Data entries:

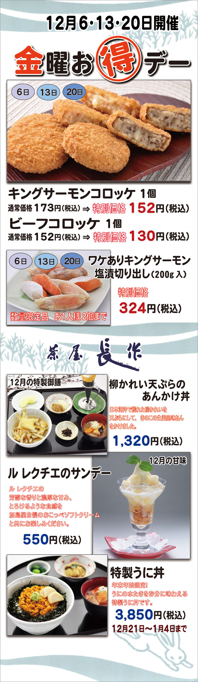 毎月恒例になりました「金曜お得デー」のお知らせです。
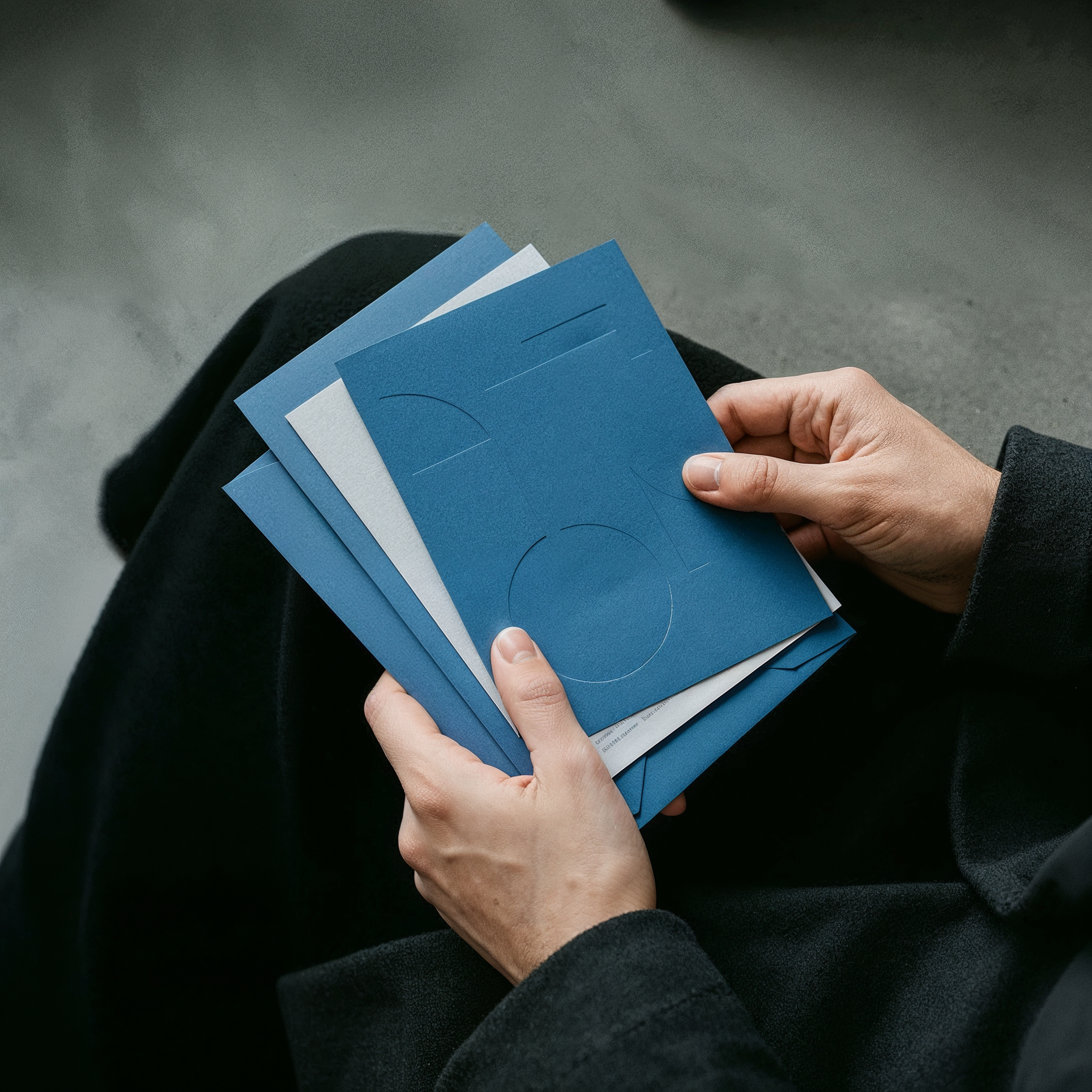 Business cards and brand collateral printed on FSC-certified and recycled stocks with vegetable-based inks.
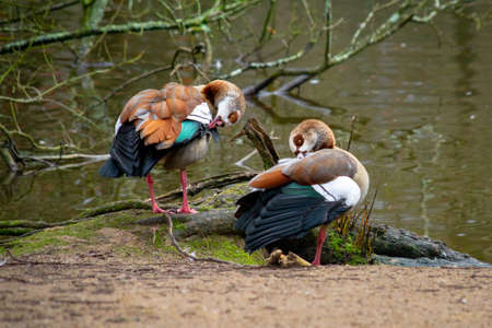 Egyptian geese (lat.- Alopochen aegyptiaca) stands on the shore of a pond
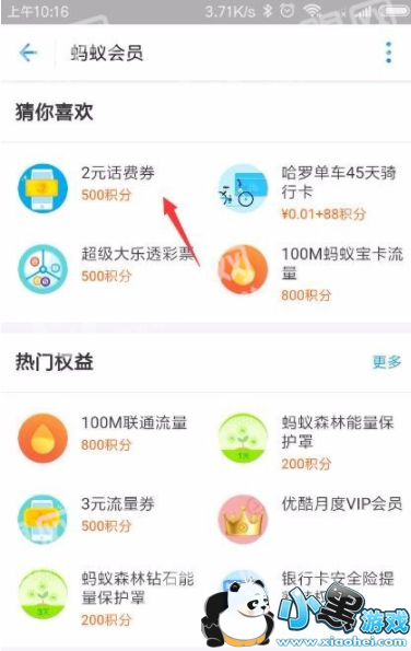 3.查看自己的积分,满500积分就可以兑换2元话费券了
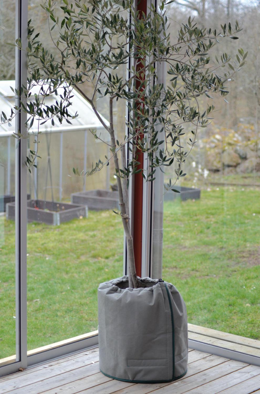 Isolerande vinterskydd för växter i kruka på t.ex. balkong. Med kardborrband och dragsko. Tre skyddande lager av polypropen (PP) 100 g/m² resp. 30 g/m² samt polyeten (PE). Botten av 4 cm frigolit. Höjd 50 cm, Ø45 cm.
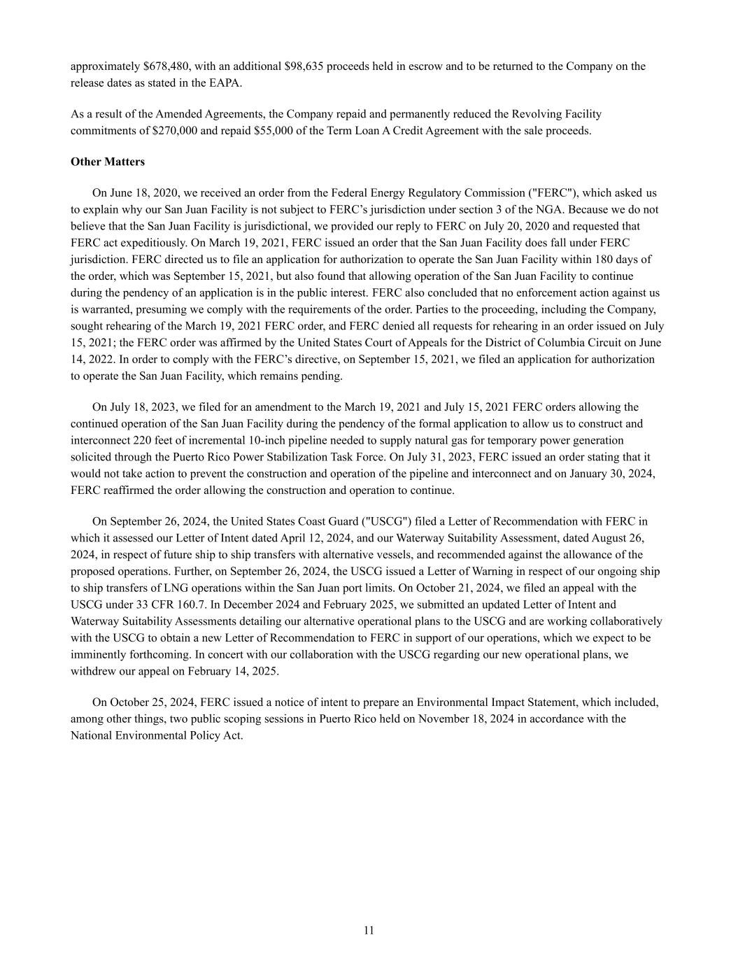 11 approximately $678,480, with an additional $98,635 proceeds held in escrow and to be returned to the Company on the release dates as stated in the EAPA. As a result of the Amended Agreements, the Company repaid and permanently reduced the Revolving Facility commitments of $270,000 and repaid $55,000 of the Term Loan A Credit Agreement with the sale proceeds. Other Matters On June 18, 2020, we received an order from the Federal Energy Regulatory Commission ("FERC"), which asked us to explain why our San Juan Facility is not subject to FERC’s jurisdiction under section 3 of the NGA. Because we do not believe that the San Juan Facility is jurisdictional, we provided our reply to FERC on July 20, 2020 and requested that FERC act expeditiously. On March 19, 2021, FERC issued an order that the San Juan Facility does fall under FERC jurisdiction. FERC directed us to file an application for authorization to operate the San Juan Facility within 180 days of the order, which was September 15, 2021, but also found that allowing operation of the San Juan Facility to continue during the pendency of an application is in the public interest. FERC also concluded that no enforcement action against us is warranted, presuming we comply with the requirements of the order. Parties to the proceeding, including the Company, sought rehearing of the March 19, 2021 FERC order, and FERC denied all requests for rehearing in an order issued on July 15, 2021; the FERC order was affirmed by the United States Court of Appeals for the District of Columbia Circuit on June 14, 2022. In order to comply with the FERC’s directive, on September 15, 2021, we filed an application for authorization to operate the San Juan Facility, which remains pending. On July 18, 2023, we filed for an amendment to the March 19, 2021 and July 15, 2021 FERC orders allowing the continued operation of the San Juan Facility during the pendency of the formal application to allow us to construct and interconnect 220 feet of incremental 10-inch pipeline needed to supply natural gas for temporary power generation solicited through the Puerto Rico Power Stabilization Task Force. On July 31, 2023, FERC issued an order stating that it would not take action to prevent the construction and operation of the pipeline and interconnect and on January 30, 2024, FERC reaffirmed the order allowing the construction and operation to continue. On September 26, 2024, the United States Coast Guard ("USCG") filed a Letter of Recommendation with FERC in which it assessed our Letter of Intent dated April 12, 2024, and our Waterway Suitability Assessment, dated August 26, 2024, in respect of future ship to ship transfers with alternative vessels, and recommended against the allowance of the proposed operations. Further, on September 26, 2024, the USCG issued a Letter of Warning in respect of our ongoing ship to ship transfers of LNG operations within the San Juan port limits. On October 21, 2024, we filed an appeal with the USCG under 33 CFR 160.7. In December 2024 and February 2025, we submitted an updated Letter of Intent and Waterway Suitability Assessments detailing our alternative operational plans to the USCG and are working collaboratively with the USCG to obtain a new Letter of Recommendation to FERC in support of our operations, which we expect to be imminently forthcoming. In concert with our collaboration with the USCG regarding our new operational plans, we withdrew our appeal on February 14, 2025. On October 25, 2024, FERC issued a notice of intent to prepare an Environmental Impact Statement, which included, among other things, two public scoping sessions in Puerto Rico held on November 18, 2024 in accordance with the National Environmental Policy Act.
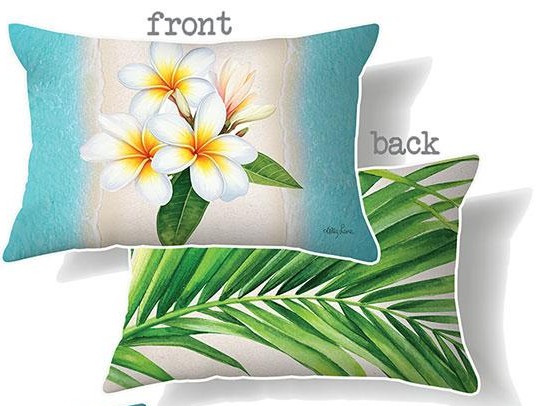 SOFT FEEL DOUBLE SIDED PRINT CUSHION WITH WHITE FRANGIPANIS AND PALMS. MEASURES 30X50CM WITH REMOVABLE COVER.

INSTRUCTIONS FOR THE TASK: Repeat only what lies between the start of the data and the end of the line containing "Isolerande vinterskydd för", exactly, with pictures left out.

ANSWER SECTION:
 毎月恒例になりました「金曜お得デー」のお知らせです。
 Business cards and brand collateral printed on FSC-certified and recycled stocks with vegetable-based inks.
 Egyptian geese (lat.- Alopochen aegyptiaca) stands on the shore of a pond
 3.查看自己的积分,满500积分就可以兑换2元话费券了
 Isolerande vinterskydd för växter i kruka på t.ex. balkong. Med kardborrband och dragsko. Tre skyddande lager av polypropen (PP) 100 g/m² resp. 30 g/m² samt polyeten (PE). Botten av 4 cm frigolit. Höjd 50 cm, Ø45 cm.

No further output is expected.